С особой ревностью Дафна рассматривает её приподнятую грудь. Там дрожит драгоценный ромб. Темно-фиолетовая нижняя вершина и верхняя – светло-голубая. Это тебе не «опилки от сейфа». Если его перевернуть, взяв за цепочку, ничего не меняется – капля цвета перетечет внутри камня. Я хорошо это знаю. В позапрошлый раз Боливар свёл нас с ней. Был еще модельер, не помню имени, субмиссивный, но ему для счастья хватило двух, золотой и серебряной, струй, умыться и забыться в ногах господ. Он отчислен и вспоминать нечего. Глаза её и вправду карие, но носит табачные линзы, как доллары, если смотришь вплотную, только в зрачке, вместо президентского, находишь свой портрет. Никогда их здесь не снимает. Ей нравится видеть всё детально и вблизи. Сегодня ей достается Шуруповерт и слышен её благодарный женский стон, как если без спроса всунуть писательнице в туза. Так она довольна боливаровым решением.

Правила Боливара: всё решает бог секса, скрытый в нашей шляпе, а не грешная тусовка. Реальность этого бога легко доказуема. Ведь кто-то всегда решает, с кем ты окажешься, кого ты будешь, и раз мы отказались решать, но не отказались любить, значит: решает он. Мы только ему предлагаемся, написав себя, например, на фантиках кондомов и кинув в мудрую темноту. «Жребий», – выразится не понимающий, зачем мы выкупаем этаж этого отеля каждые две недели. Важно верить в нашего бога, и тогда окажешься счастлив. Нас, собравшихся вокруг шляпы, заводит эта неожиданность: он или она, старше или младше, знакомый давно или новый совсем? Но для бога, тасующего наши прозвища внутри шляпы, это закономерность. Сначала каждый тянет по одной бумажке и получаются пары. Часа через два все вернутся к Боливару, чтобы заново поделиться, но уже по трое, потом — по четверо. На этом большинство выдыхается, хотя самые рьяные поклонники культа могут продолжать и дальше. Обычно их набирается одна пятерка. Уставшие с уважением наблюдают за ними на мониторах. Мы устаем любить и только бог неистощим.

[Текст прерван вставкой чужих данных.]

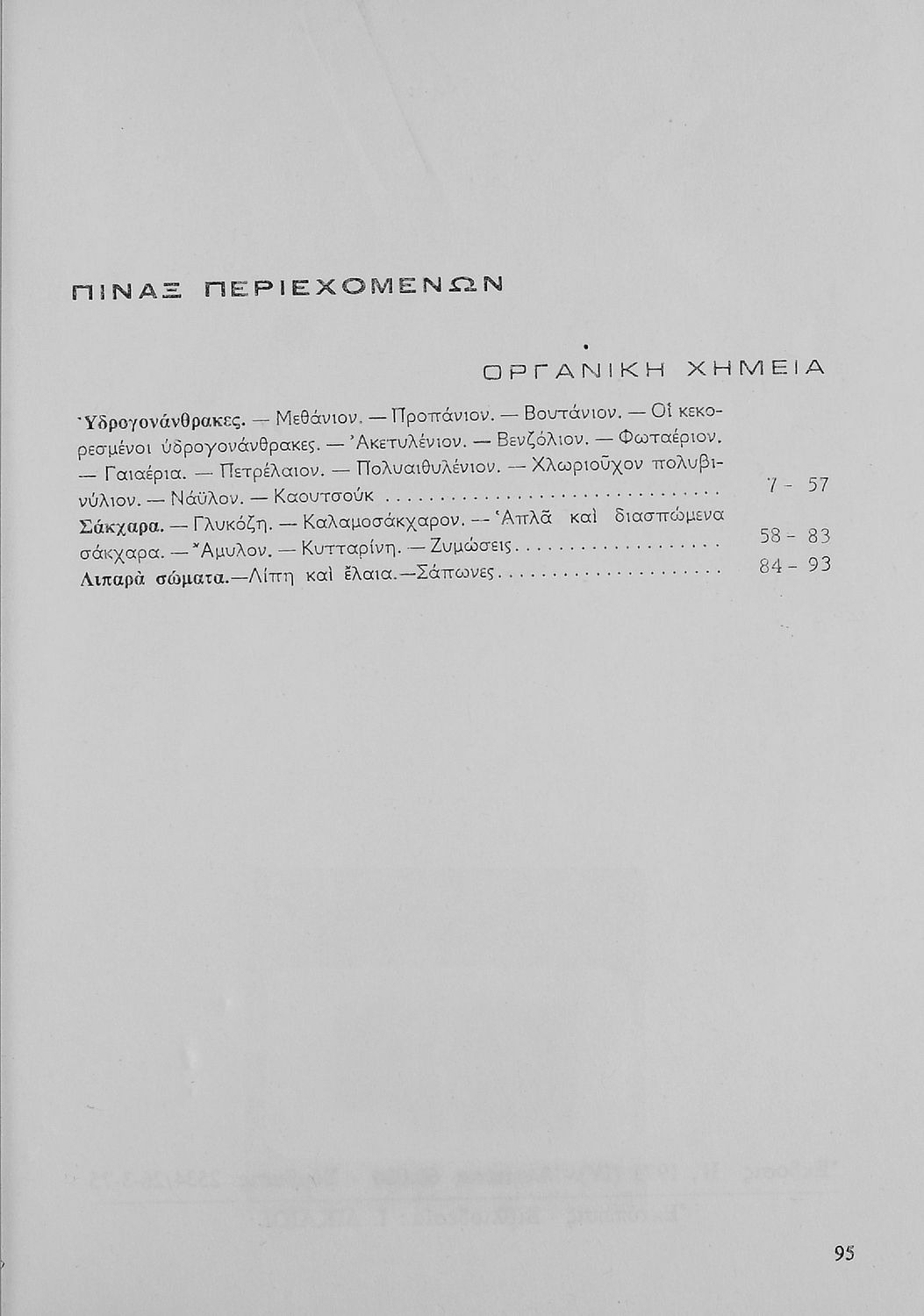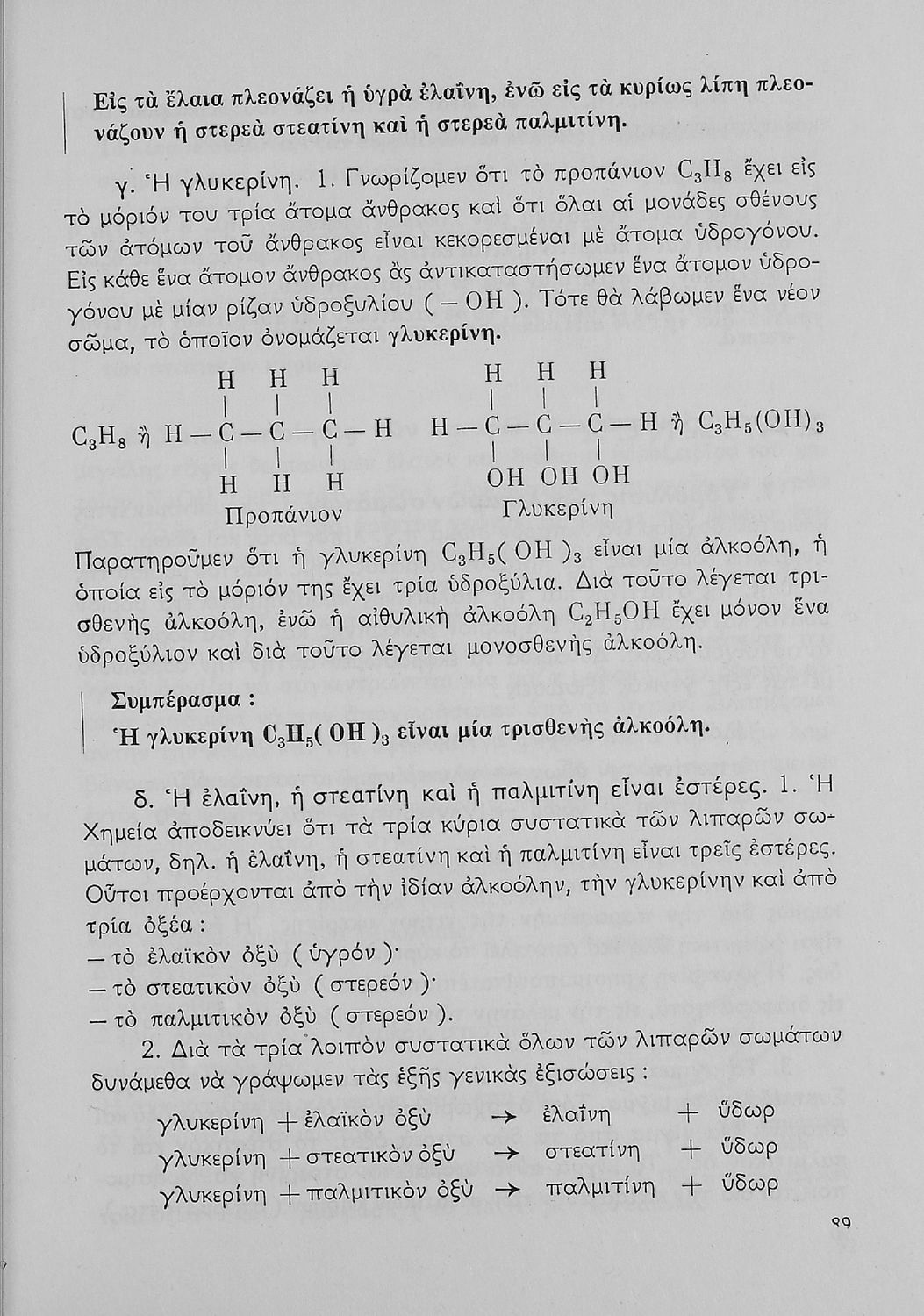 Σχολικό εγχειρίδιο Χημείας Γ΄ Γυμνασίου που περιέχει εισαγωγή στην οργανική χημεία και εστιάζει στους υδρογονάνθρακες, τα σάκχαρα και τα λιπαρά σώματα. Φέρει το σύμβολο της δικτατορίας.

Сегодня нас нечетное число. Кто-то не пришел. Я так и остаюсь в шляпе, но во второй раз именно я начну вынимать. По правилам Боливара, «нечетный» присоединяется к любой понравившейся паре, но я охотнее пойду к мониторам. Решать самому, кого ты хочешь, можно и вне отеля. Никто из нас этого давно не любит, и верность Боливару только крепнет с годами. Приятнее оставить богу богово. Ведь это он оставил мой кондом, единственный, на дне. Моё одиночество в этой игре — это тоже он. За мной увязывается Хлой. Он у нас впервые и пользуется правом для робких новичков: не класть себя в волшебную шляпу, остаться вуаеристом на первые два часа. Никто, припоминаю, за это время не передумывал попробовать. А вот Дафна не растерялась и, уходя, обнимая рыжую дылду с собачьей плеткой, смело улыбается нам, шепча ей что-то на ухо. Это Хлой привел её, а не наоборот, и он же представил Дафну «завтрашней певицей», но, может быть, ему и впрямь пока лучше посмотреть на экране, что рыжая сделает с его девушкой.

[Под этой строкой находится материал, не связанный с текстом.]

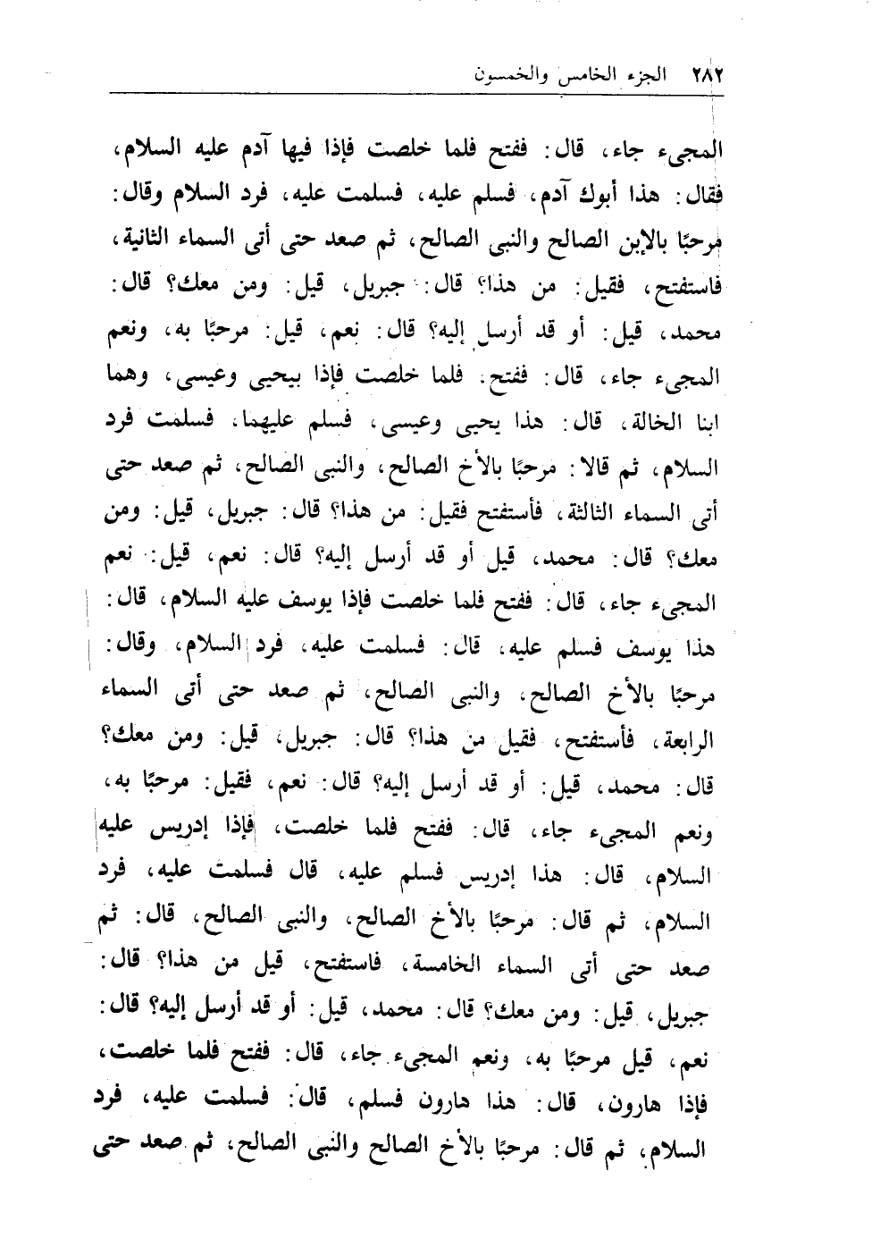 المجئ جاء، قال: ففتح فلما خلصت فإذا فيها آدم عليه السلام، فقال: هذا أبوك آدم، فسلم عليه، فسلمت عليه، فرد السلام وقال: مرحباً بالإبن الصالح والنبي الصالح، ثم صعد حتى أتى السماء الثانية، فاستفتح، فقيل: من هذا؟ قال: جبريل، قيل: ومن معك؟ قال: محمد، قيل: أو قد أرسل إليه، قال: نعم، قيل: مرحباً به، ونعم المجئ جاء، قال: ففتح، فلما خلصت فإذا بيحيى وعيسى، وهما ابنا الخالة، قال: هذا يحيى وعيسى، فسلم عليهما، فسلمت فرد السلام، ثم قالا: مرحباً بالأخ الصالح، والنبي الصالح، ثم صعد حتى أتى السماء الثالثة، فاستفتح فقيل: من هذا؟ قال: جبريل، قيل: ومن معك؟ قال: محمد، قيل أو قد أرسل إليه؟ قال: نعم، قيل: نعم المجئ جاء، قال: ففتح فلما خلصت فإذا يوسف عليه السلام، قال: هذا يوسف فسلم عليه، قال: فسلمت عليه، فرد السلام، وقال: مرحباً بالأخ الصالح، والنبي الصالح، ثم صعد حتى أتى السماء الرابعة، فاستفتح، فقيل من هذا؟ قال: جبريل، قيل: ومن معك؟ قال: محمد، قيل: أو قد أرسل ےإليه؟ قال: نعمن فقيل: مرحباً به، ونعم المجئ جاء، قال: ففتح فلما خلصت، فإذا إدريس عليه السلام، قال: هذا إدريس فسلم عليه، قال فسلمت عليه، فرد السلام، ثم قال: مرحباً بالأخ الصالح، والنبي الصالح، قال: ثم صعد حتى أتى السماء الخامسة، فاستفتح، قيل من هذا؟ قال: جبريل، قيل: مرحباً به، ونعم المجئ جاء، قال: ففتح فلما خلصت، فإذا هارون، قال: هذا هارون فسلم، قال: فسلمت عليه، فرد السلام، ثم قال: مرحباً بالأخ الصالح والنبي الصالح، ثم صعد حتى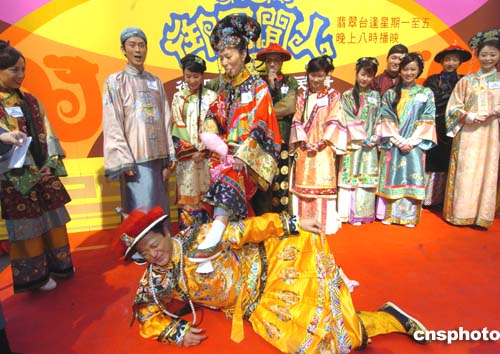 正在香港黃金時(shí)段播出的電視劇《御用閑人》劇中演員身著戲裝19日來(lái)到尖沙咀鬧市區(qū)演戲﹐為該劇播出進(jìn)行宣傳造勢(shì)。作者:趙振清

«Пиздократия», – односложно отвечает скин «кареглазой» писательнице в коридоре, где они ищут не занятый ещё номер. Опять, наверное, агитировала за матриархат, пошла бы, мол, в армию, но сержантом. Понравилась бы Шуруповерту роль её рядового? И что у них получится за армия, с её-то платками? Случайно читанный отрывок романа «кареглазой» давно переделался у меня в мысленный клип:

Младенчески нежные ноздри черных собак втягивают туман в залитой невесомым молоком роще. Борзая нервно зевает, идиотски сводя взгляд к переносью. Нетерпение. Поводки уходят вверх, туда, где из воздушного молока растут всадники и деревья. Заяц, ошалелый и невнимательный, привстает в траве, вертит башкою, ищет другого зайца. Вторые уши появляются над сырой блестящей травой неподалеку. Выстрел распарывает утро. Черная собака перепрыгивает папоротник. Вторые уши тонут в тумане. Конь чавкает копытами по сырой листве, и роса загорается в первых прямых лучах на мшистых кочках с самодовольством ювелирной витрины. Конь открывает рот и, кажется, что это он лает. Заливисто, на всё поле.

Конечно, она не знает, что я читал. Да и сюжет там дальше какой-то утомительный, забываемый, стилизованный подо всё сразу.

– О такой жизни, – жадно и испуганно разглядывая экраны, говорит Хлой, – мечтали радикалы в 60-ых – как о своем освобожденном будущем, бесклассовом секс-эдеме.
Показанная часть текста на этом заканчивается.